Food tech pioneer FoodChéri was founded in 2015 to deliver chef-prepared meals to offices in and around Paris. Early this year, quality of life services provider Sodexo took a majority stake in the group. This provided the start-up with a cash injection that has allowed it to expand its operation nationwide, invest in a 2,000 square metre kitchen facility and launch a new brand targeting consumers in their homes, Seazon.
“Our mission is to provide consumers with solutions to eat better every day. At FoodChéri we are committed to bringing the best in the office to employees. We recently launched a new brand called Seazon. This offers the first subscription of fresh, healthy and delicious meals already cooked and delivered to you once a week,” chief operating officer Julia Vernin told FoodNavigator.
FoodChéri began rolling out Seazon in April in response to growing demand from consumers who don’t want to cook every day – but who still want a “healthy and tasty diet”, she explained.

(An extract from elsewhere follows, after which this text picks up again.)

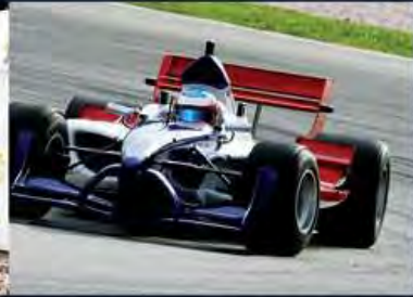
A Grand Prix de Monaco ▶

“Our product is unique because we have solved the equation between quality (fresh, home cooked, additive-free and balanced), practicality (prepared dishes) and volume (we are able to serve whole businesses, whole cities [and the] whole of France).”
Health, planet and society
Vernin believes that “modern” French consumers are increasingly aware of the impact of diet on their health, on the planet and on society. “They want to know what they are eating and they are no longer willing to compromise,” she observed.
However, there is also a need for convenience. “The only solution to be sure of eating well cannot be to cook all [their] meals. There must be quick and convenient solutions for all the daily meals of a more mobile, more connected population that manages their time more flexibly. This is what we are able to do with our two brands Seazon and FoodChéri.”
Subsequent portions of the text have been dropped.